1 Package (16ounces) Uncooked Lasagna Noodles
3 Tablespoons Olive Oil
1 Cup Chopped Onions
3 Cloves Garlic, Finely Chopped
3 Packages (10 ounces each) Frozen Chopped Spinach, Thawed and Squeezed Dry
Salt and Pepper
16 Ounces Ricotta Cheese
1 1/2 Cups Pesto
3/4 Cup Grated Parmesan Cheese
16 Ounces Shredded Mozzarella Cheese
1. Preheat oven to 350F. Spray 13x9 inch casserole dish with nonstick cooking spray. Partially cook Lasagna noodles according to package directions.

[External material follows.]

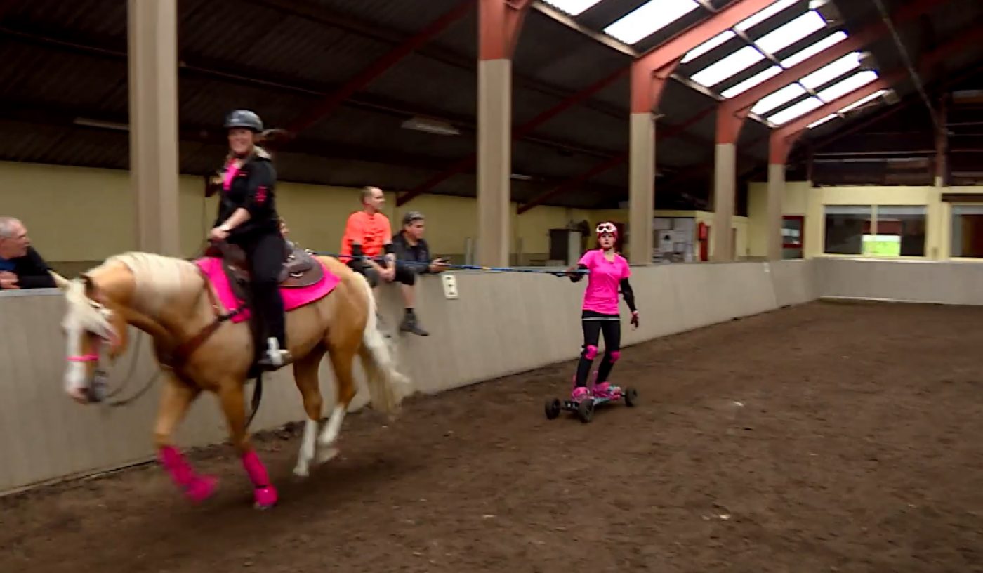 Het concept van Horseboarding is simpel. Je hebt een paard, je hebt een touw en je hebt een board. Het paard trekt je voort en op je board ga je erachteraan. De praktijk is natuurlijk iets ingewikkelder met de spullen die je nodig hebt, een ruiter, etc. Volgens de omroep komt de sport uit Engeland en wordt het daar al twintig jaar beoefend. Wij vinden het echter een leuk concept en wensen de zussen heel veel plezier en succes toe!

2. Heat oil in large skillet over medium high heat. Cook and stir onion and garlic until translucent. Add spinach; cook and stir about 5minutes. Season with salt and peppe. Transfer to large bowl.
3. Add ricotta cheese, pesto, and parmesan cheese to spinach mixture; mix well.
4. Layer 5 lasagna noodles, slightly overlapping, in prepared casserole. Top with one-third of ricotta mixture and one-third mozzarella. Repeat layers twice.
5. Bake for about 35 minutes or until hot and bubbly.